_WHAT YOU SHOULD DO_
In the records below, the line with "Geben Sie im" opens the range and the line with "Женская летняя футболка" closes it; print that range exactly and nothing else.

_TASK DATA_
╭──
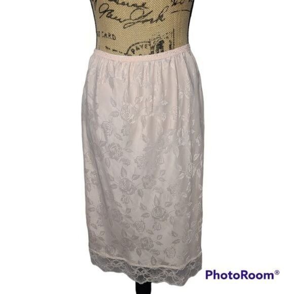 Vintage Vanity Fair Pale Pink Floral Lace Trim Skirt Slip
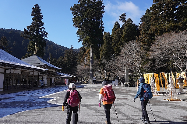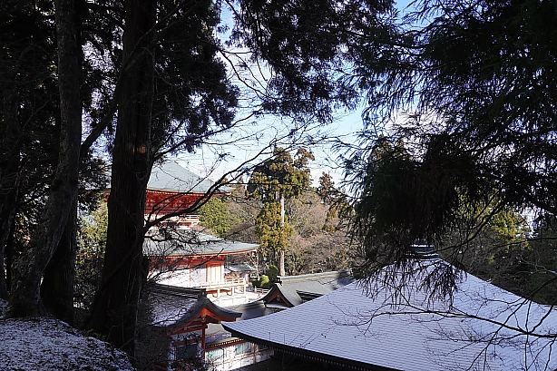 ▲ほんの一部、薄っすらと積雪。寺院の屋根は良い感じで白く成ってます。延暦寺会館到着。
╰──
╭──
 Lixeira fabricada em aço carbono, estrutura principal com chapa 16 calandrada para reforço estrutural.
╰──
╭──
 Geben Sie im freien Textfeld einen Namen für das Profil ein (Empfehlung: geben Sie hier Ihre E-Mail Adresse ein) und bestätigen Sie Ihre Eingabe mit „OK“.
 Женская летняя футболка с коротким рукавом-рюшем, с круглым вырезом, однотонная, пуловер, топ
╰──
_WRITTEN ANSWER_
 Geben Sie im freien Textfeld einen Namen für das Profil ein (Empfehlung: geben Sie hier Ihre E-Mail Adresse ein) und bestätigen Sie Ihre Eingabe mit „OK“.
 Женская летняя футболка с коротким рукавом-рюшем, с круглым вырезом, однотонная, пуловер, топ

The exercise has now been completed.